Western Price Survey / Archives
January 30, 2004
Painfully cold weather in Western Canada pushed demand and prices up in that region this week. The Alberta Electric System Operator reported pool prices as high as 707.25 mills/KWh on Wednesday, with loads up in the 8,400 MW vicinity. Even low-demand power attracted three-digit prices this week, topping out at 145.43 mills/KWh at mid- week.
In the Northwest United States, trading at Mid-Columbia stuck to the mid-forties range in the early part of the week. Opening on Monday at between 43.50 mills and 46 mills/KWh, the price for packages of peak- delivery power barely moved during the next two days; On Thursday, power bought and sold for Friday delivery at the hub had lost about 3 mills in value. Off-peak power kept to between 36 mills and 39.50 mills/KWh for delivery this week. Off-peak power bought and sold for delivery next Monday jumped to a high of 43 mills/KWh.
Prices in the southern regions showed a bit more strength. At SP15, peak-load power was changing hands for between 50.50 mills and 53.50 mills/KWh on Monday; the pot was sweetened with an additional 3 mills in late-week trading. Palo Verde power came in a little lower. High- demand power at Palo Verde drew a high of 51.50 mills/KWh in mid-week trading, tapering down to between 46 mills and 47 mills/KWh for Friday deliveries. Off-peak power ran an average of 10 mills/KWh lower than the price for peak-power at the hub throughout the week before moving for 43.25 mills/KWh on Friday.

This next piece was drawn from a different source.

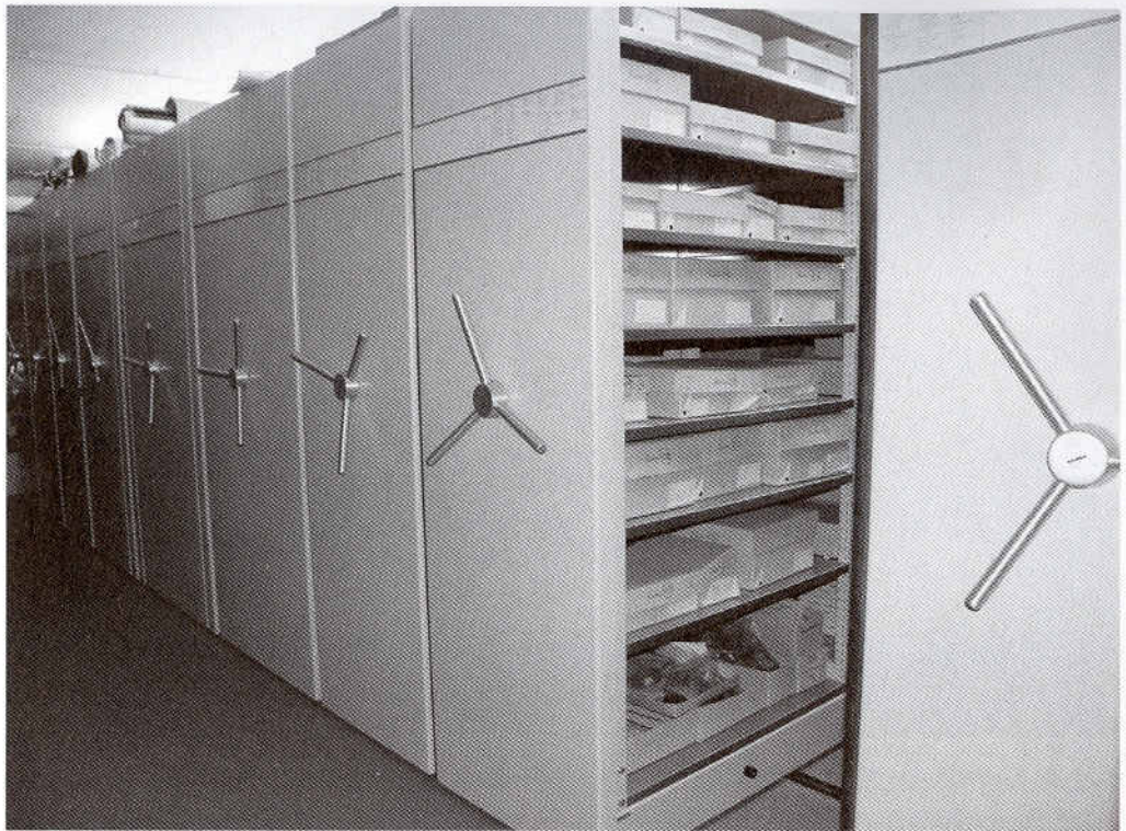
Abb. 3. Der Kompaktus des Fundmagazins des Pfahlbaumuseums Unteruhldingen.

Wechsel- und Sonderausstellungen – etwa für die neue anlässlich des 150-Jahre-Pfahlbauforschungsjubiläums 2004 errichtete Sonderausstellung „Mensch im Pfahlbau“ – intensiv genutzt. Die direkte und einfache Didaktik arbeitet unter Anwendung von Modellen, Dioramen und Inszenierungen, welche gerade von einem zu bedienenden breiten Bevölkerungsquerschnitt gut angenommen wird.

As reported earlier in the week, Columbia Generating Station and the San Onofre Nuclear Generating Station each began the week curtailed. Columbia spent the first half of the week at about 60 percent output and SONGS No. 3 has been off line since Saturday, January 24. By Thursday morning, Columbia was back at full output. No word was heard about the return of the SONGS unit.
The 750 MW Four Corners Unit No. 4, which has had its output curtailed by about 400 MW for the better part of last week, remained on planned- curtailment status throughout the week. Planned outages carried over from last week also include the 726 MW Ormond No. 1 and 775 MW Ormond No. 2 units. South of the border, in Baja, Mexico, the 309 MW La Rosita II went on an unscheduled outage beginning Thursday morning [Shauna O'Donnell].
Rally Hopes Tempered by Storage Numbers
After all the hue and cry late last summer and early fall about the dearth of natural gas in the nation's underground storage facilities, it looks now like amply supplies are in the ground to see us through the remainder of this winter. At least that is what the numbers out of the Energy Information Administration appear to indicate.
According to this week's EIA report, as of last Friday there were 2,063 Bcf of gas in storage, a decline of 195 Bcf from the prior week. Nevertheless, the numbers are well above last year; stocks at this time last year were 1,729 Bcf. This week's storage numbers also remain on the credit side of the ledger when compared to the five-year average of 1,900 Bcf.
"Gas is hanging in there," said remarked one trader, referring to the continued run of prices above the $5.00/MMBtu mark. Had the EIA reported a larger draw from storage, indices likely would have recorded a bump up in prices across the board, but instead, the status quo held during end-of-week trading.
San Juan Basin gas opened the week at between $5.10 and $5.23/MMBtu, skipped up to $5.50/MMBtu in mid-week trading, then sank back down to around $5.20/MMBtu for Friday deliveries. Permian followed suit-- starting the week between $5.10 and $5.34/MMBtu, gaining about two bits in value midweek, before quickly dropping back down to $5.19/MMBtu in Thursday trading.
PG&E CityGate deliveries managed to avoid any real swings in prices much of the week, sticking close to $5.60/MMBtu during the course of the week. Malin gas values were jostled around a bit more. After opening on Monday at between $5.35 and $5.42/MMBtu, the price of gas at that hub reached $5.71/MMBtu on Wednesday--only to sink to $5.25/MMBtu the following day [S O'D.].